The problem → Beginning with the line containing "Like a few slices" and ending with the line containing "Popis produktu Stříbrný", write out each line of the records below exactly; pictures and lines outside that range are left out.

Extracted records →
○ ○ ○ ○ ○ ○ ○

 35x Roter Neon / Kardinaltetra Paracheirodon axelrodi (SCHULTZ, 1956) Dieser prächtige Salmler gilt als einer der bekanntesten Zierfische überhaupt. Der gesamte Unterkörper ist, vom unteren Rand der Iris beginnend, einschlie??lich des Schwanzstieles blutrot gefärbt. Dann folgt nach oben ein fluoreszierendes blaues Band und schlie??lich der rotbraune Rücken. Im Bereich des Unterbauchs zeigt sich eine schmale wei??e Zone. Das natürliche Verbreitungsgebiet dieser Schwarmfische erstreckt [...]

○ ○ ○ ○ ○ ○ ○

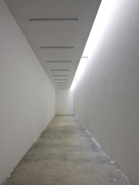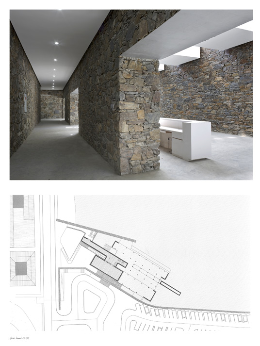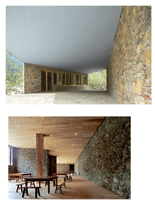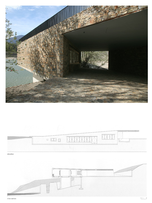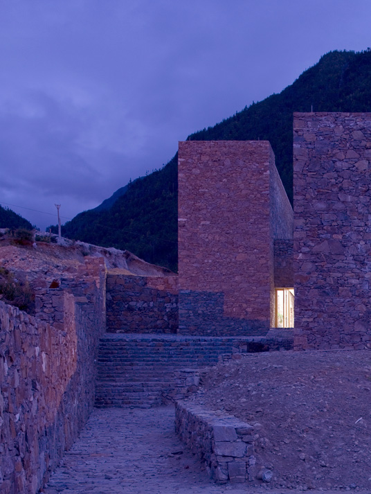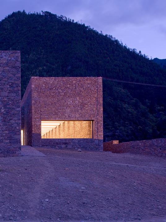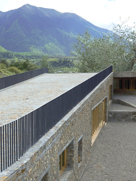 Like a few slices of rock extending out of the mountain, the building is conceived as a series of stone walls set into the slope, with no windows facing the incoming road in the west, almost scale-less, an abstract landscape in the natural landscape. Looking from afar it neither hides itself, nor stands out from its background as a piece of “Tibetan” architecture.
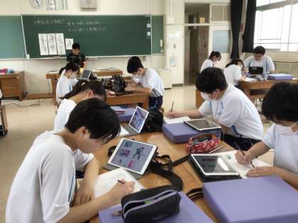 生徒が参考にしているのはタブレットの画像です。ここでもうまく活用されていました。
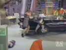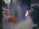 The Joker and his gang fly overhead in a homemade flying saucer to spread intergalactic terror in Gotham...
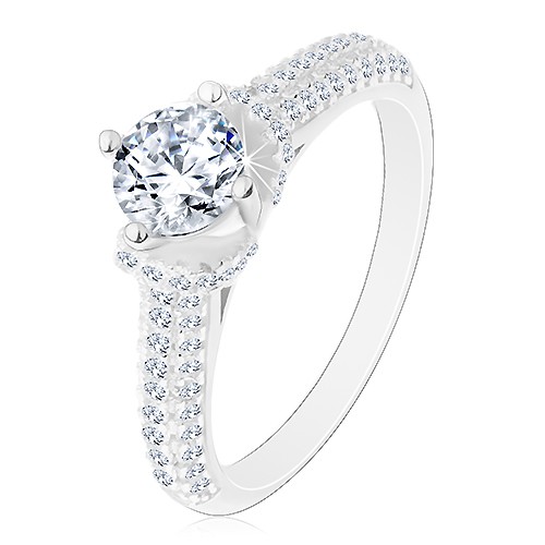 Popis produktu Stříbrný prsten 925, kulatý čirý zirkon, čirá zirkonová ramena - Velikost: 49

○ ○ ○ ○ ○ ○ ○

Written response →
 Like a few slices of rock extending out of the mountain, the building is conceived as a series of stone walls set into the slope, with no windows facing the incoming road in the west, almost scale-less, an abstract landscape in the natural landscape. Looking from afar it neither hides itself, nor stands out from its background as a piece of “Tibetan” architecture.
 生徒が参考にしているのはタブレットの画像です。ここでもうまく活用されていました。
 The Joker and his gang fly overhead in a homemade flying saucer to spread intergalactic terror in Gotham...
 Popis produktu Stříbrný prsten 925, kulatý čirý zirkon, čirá zirkonová ramena - Velikost: 49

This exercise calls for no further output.